His intervention reflected broader unease among senators who felt shut out of discussions on amendments with long-term political consequences.

Inside the chamber, some lawmakers were particularly uncomfortable with the speed at which sensitive provisions were adopted. For them, altering rules governing leadership eligibility required deeper consultation and fuller debate, especially given the perception that the amendments appeared tailored toward specific political outcomes.

That frustration exposed an enduring contradiction within the Senate. They voiced their dissent when Akpabio called for voice votes to affirm their decision contained in the votes and proceedings with a loud nay but at the end of the day, the ayes had it.

While lawmakers often speak passionately about transparency and democratic procedure in national governance, internal parliamentary reforms are frequently handled through elite negotiations dominated by leadership blocs and influential caucuses.

The result is that Standing Orders often become instruments of strategic political engineering rather than purely neutral administrative rules.

14 days deadline for oath-taking

Even though the Senate eventually reversed the oath-before-voting provision, the initial amendment triggered anxiety for a reason. Had the provision survived, it could potentially have altered the dynamics of Senate inauguration.

Under the traditional process, all senators-elect participate in electing presiding officers before taking their oath. But if oath-taking became a precondition for voting, questions immediately arise over who controls the swearing-in process, who determines eligibility and what happens in cases involving pending litigation or disputes over certificates.

Critics feared the possibility of strategic exclusions.

A senator-elect facing unresolved litigation or administrative delays could theoretically be prevented from taking the oath early enough to participate in the leadership election itself. That fear explains why the backlash was swift and intense. By reverting to the old order, the Senate effectively neutralised a looming constitutional and political crisis.

Still, another amendment survived with relatively less attention but significant implications.

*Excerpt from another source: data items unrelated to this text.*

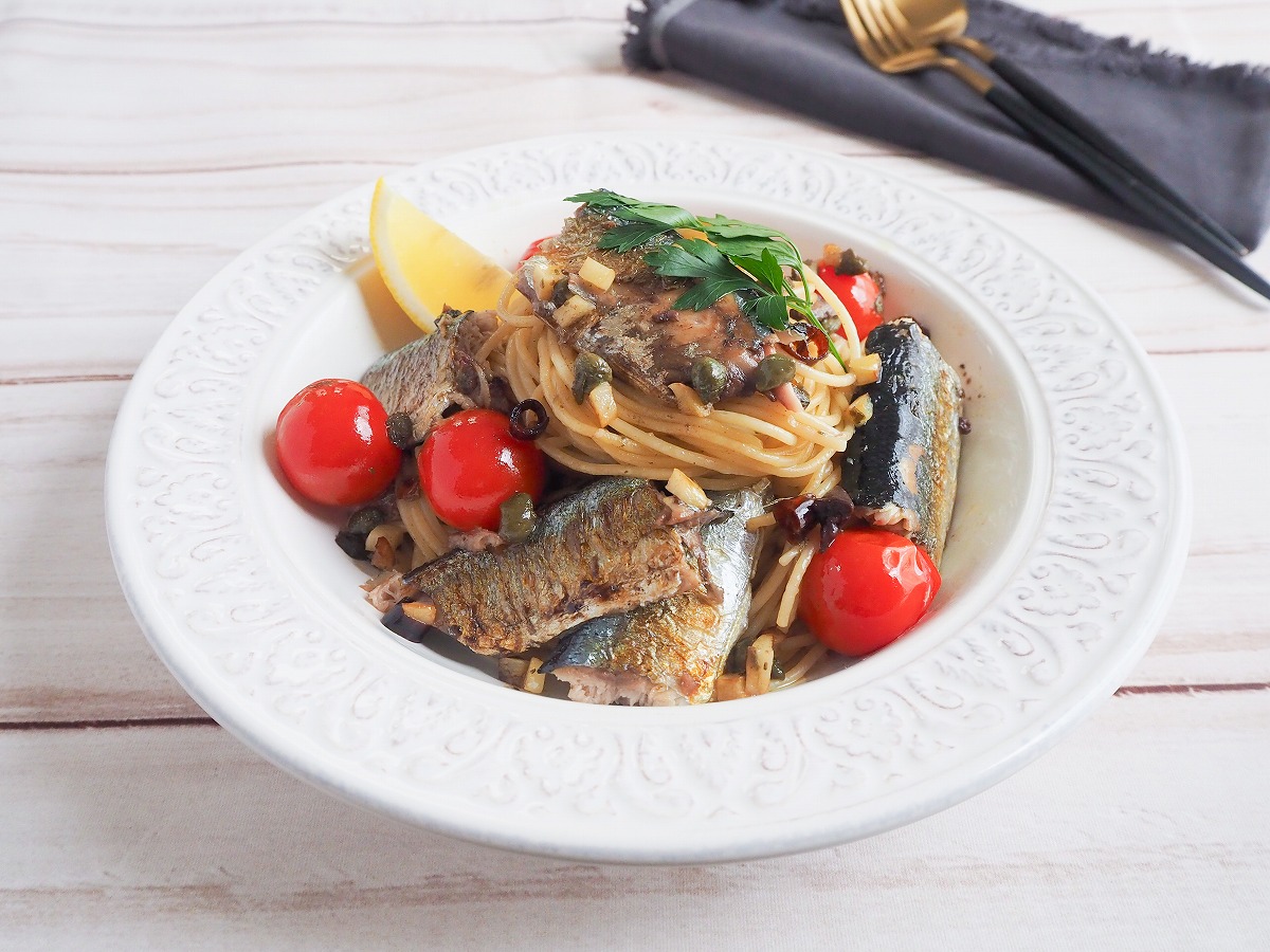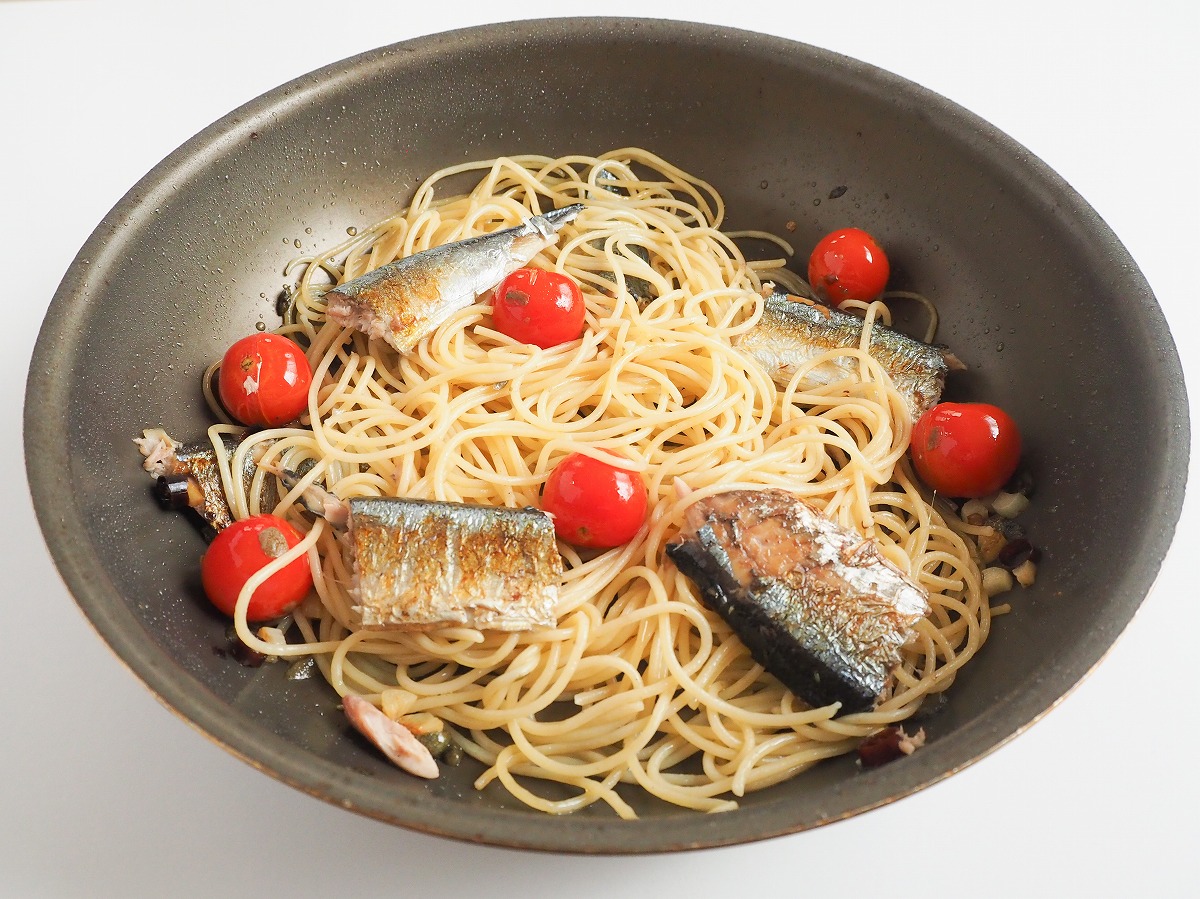 3. フライパンにAを加えて中火で熱し、にんにくの香りが立ったらミニトマトとケッパーを加えてさっと炒める。パスタの茹で汁、塩、こしょう、和風だしの素、パスタを加えて全体に絡める。1の秋刀魚を加えて全体をやさしく和える。
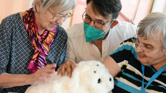 Paro heißt die kleine Robbe, die auch in deutschen Pflegeheimen schon seit einigen Jahren eingesetzt wird. Sie ist eine Maschine - regt die Seniorinnen und Senioren aber zur Interaktion und Kommunikation an. Waltraud Grubitzsch/dpa. picture alliance/dpa/dpa-Zentralbild
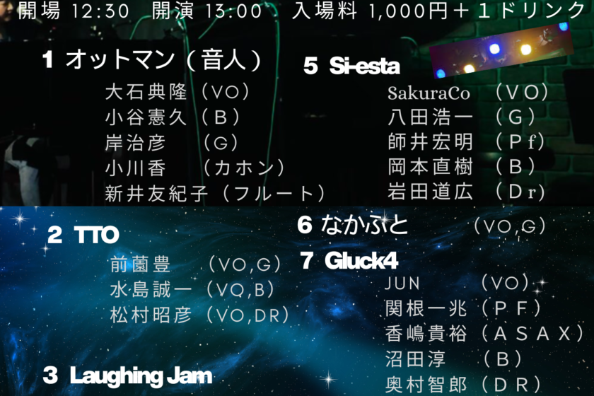 出演:オットマン(音人) / TTO / Laughing Jam / 大石薫 / Si-esta / なかふと / Gluck4 / 大賀誠司 / 東京ホッとブラザーズ
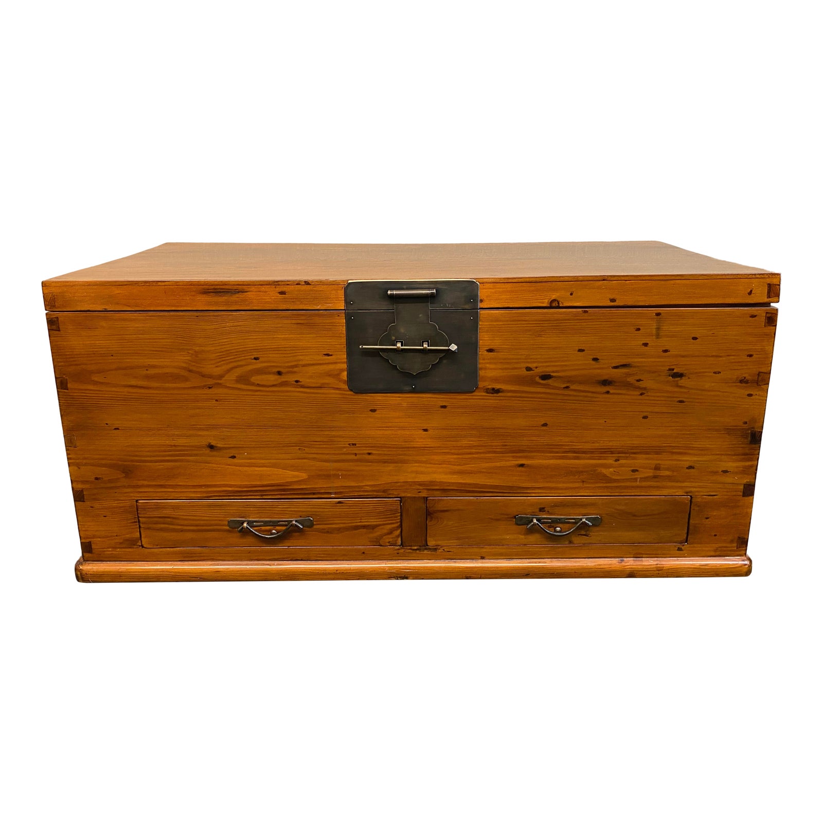 Design Plus Gallery presents a Mid 20th-Century Asian Chest + Tray. Wood stain and gloss in applied to the rich wood and is joined with exposed dovetail detail. Comes with beautiful oiled brass hardware and two small drawers at the base. Self stabilizing hinged top opens to reveal a tray on top third of the opening. Little evidence of wear.
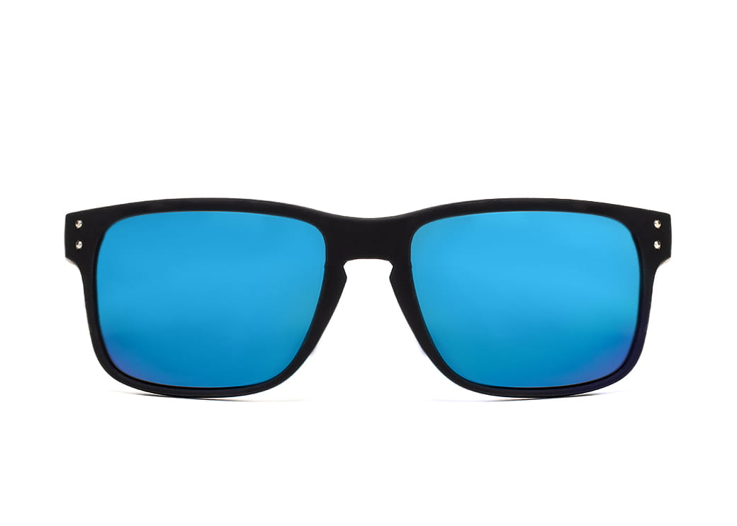 Okulary przeciwsłoneczne męskie z polaryzacją, soczewka w kolorze niebieskim.Wykonane z wysokiej jakości matowego plastiku.
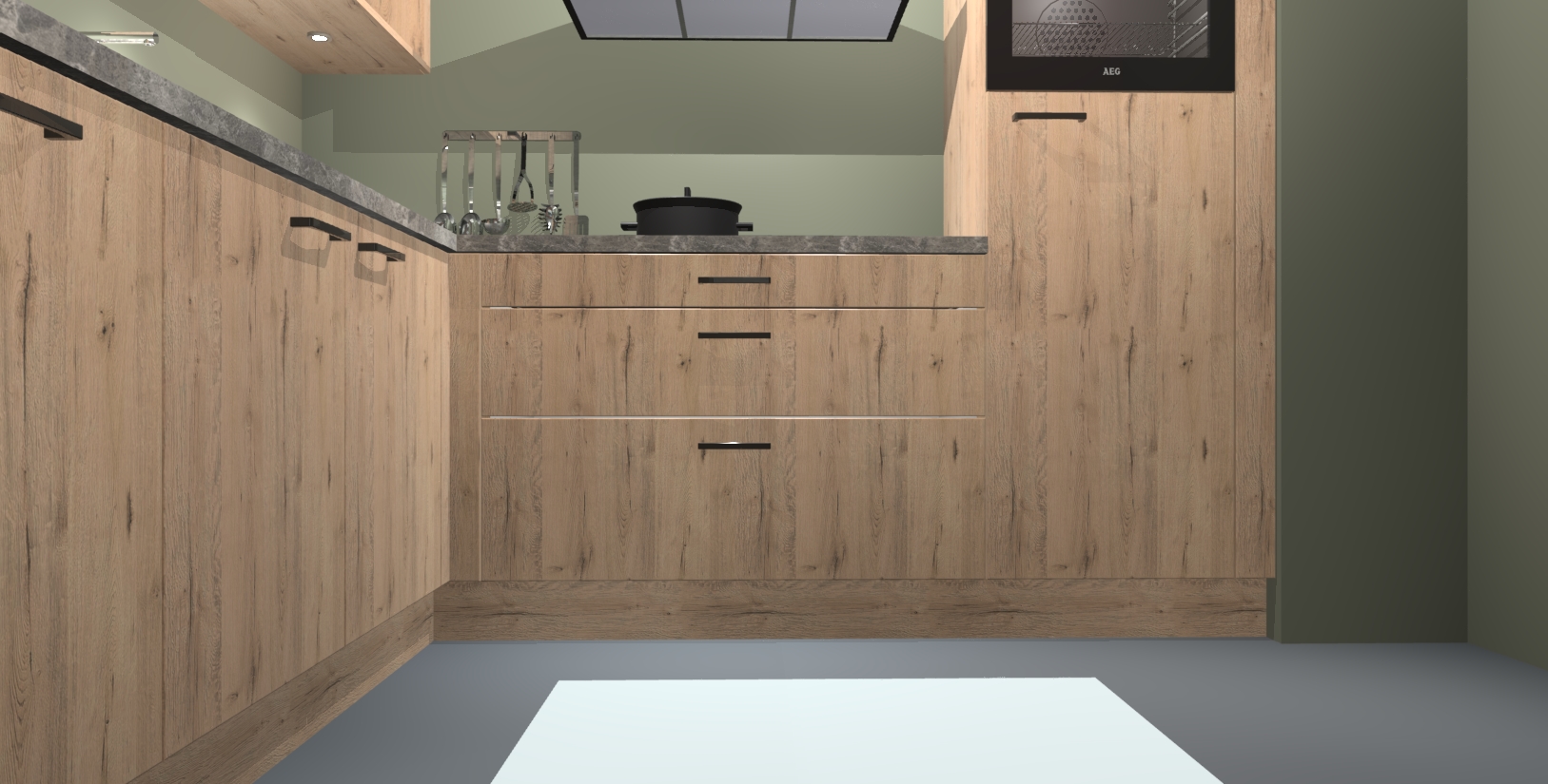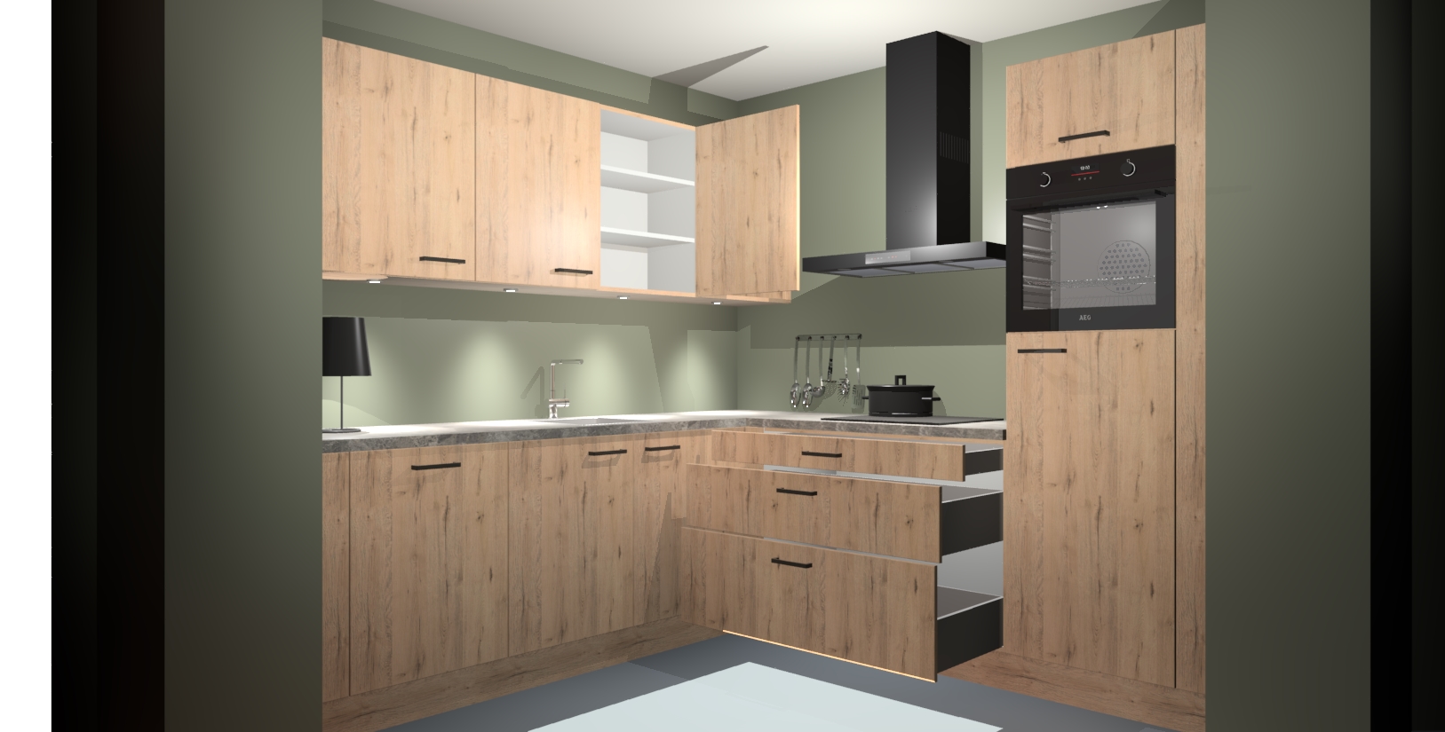Met een modern, tijdloos design en ruime opslagruimte, zult u zich in no-time thuis voelen in uw nieuwe keuken. Uw leven wordt eenvoudiger met de soft-close deuren die voor het ultieme stille comfort zorgen - geen geluid dat u stoort terwijl u kookt. Ook is de keuken voorzien van 5 ingebouwde apparaten: een oven, inductie kookplaat, afzuigkap, vaatwasser en koelkast. Deze kunnen gemakkelijk na bestelling worden bijgewerkt naar AEG - waardoor uw luxe ervaring compleet is.

Under the revised rules, any senator-elect absent during inauguration has only 14 legislative days within which to take the Oath of Allegiance and Oath of Membership. Failure to do so may lead the Senate to declare the seat vacant and notify INEC for a fresh election.

Supporters say the provision is necessary to prevent prolonged vacancies caused by litigation, delayed appearances or political disputes but critics argue that Nigeria’s volatile post-election environment makes rigid timelines potentially problematic.

Election petitions sometimes drag for months. Court orders may delay inaugurations. Security crises can disrupt appearances. The Senate attempted to protect itself legally by inserting a caveat stating that any declaration of vacancy remains “subject to the provisions of the Constitution.”

Even so, lawyers are already divided on how the provision would survive judicial scrutiny if challenged in court.

Inside the National Assembly, rules are rarely just rules. They are signals, sometimes about succession plans, sometimes about elite anxieties, sometimes about protection and edging opponents aside.

For younger politicians In the race hoping to rise quickly through the parliamentary hierarchy, the new rules lengthen the waiting line. Last week’s amendments therefore tell a larger political story which will continue to unfold as the 10th Senate slowly winds down for 2027 election preparations.